Onderdelen prototype

Dit prototype is ontwikkeld vanuit ons concept van lenzen. Hierover kunt u meer lezen in ons whitepaper ‘Een datagedreven aanpak van ondermijnende criminaliteit’. In een lens komen een aantal standaardonderdelen terug: de gebiedskaart en/of locatiekaart, en een detailpagina met daarin casusinformatie en het casusnetwerk. Dit prototype heeft een extra onderdeel: het melden van een signaal.

Signaal melden

Voor een casemanager (scenario 1) is dit het voornaamste beginpunt. De casemanager kan hier informatie over een signaal kwijt, zoals de aard en zwaarte van het signaal, eventuele betrokkenen, en informatie over de betrokken locatie. De informatie die de casemanager hier invult sluit aan bij de verschillende fases uit het privacy protocol en kan bijdragen aan het doorlopen van de verschillende privacy checks. Zo wordt stapsgewijs beoordeeld of het signaal betrekking heeft op ondermijning.

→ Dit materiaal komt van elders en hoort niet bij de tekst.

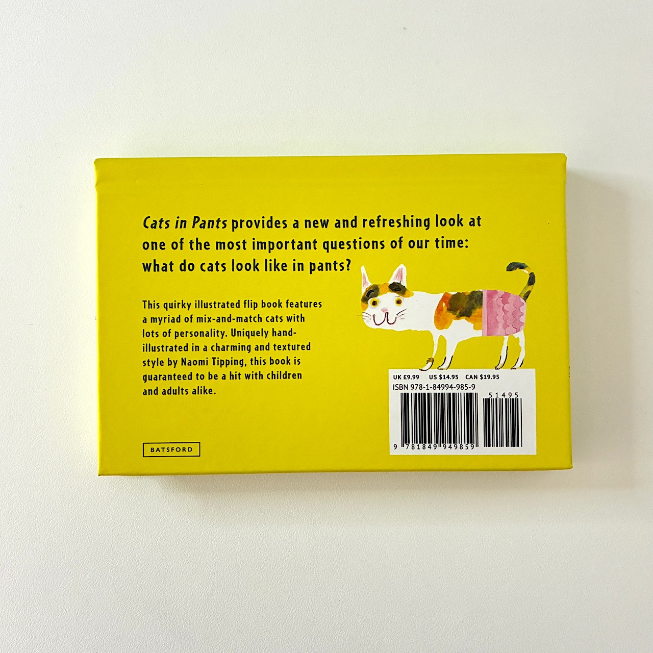 A quirky illustrated flip book featuring a myriad of mix-and-match cats. Cats in Pants is a hilarious swing through the underwear preferences of several cats with lots of personality. Uniquely hand-illustrated in a charming and textured style by Naomi Tipping, this book is guaranteed to be a hit with children and adults alike. Each page is equally divided into three parts so that the head, body and (clothed) tail-end of the cat can be swapped around with the respective parts from other pages to create a huge number of cats.

Uiteindelijk zou dit proces moeten helpen bij het beoordelen tot welke gegevens de casemanager toegang zou moeten hebben, en wat mogelijke vervolgstappen zijn.

Kaart

In de buurtkaart wordt de betreffende gemeente weergegeven met daarin de verschillende buurten. Op deze kaart worden alle data op pandniveau of op buurtniveau ontsloten; data over specifieke panden kan bijvoorbeeld worden geaggregeerd tot de buurt waartoe het pand behoort. Zo kan een gebruiker een beeld krijgen van de situatie in een buurt, zonder dat dit herleidbaar is tot individuele personen, panden of ondernemingen. De gebruiker kan gebruik maken van een aantal filters die overeenkomen met indicatoren van vastgoedmisbruik.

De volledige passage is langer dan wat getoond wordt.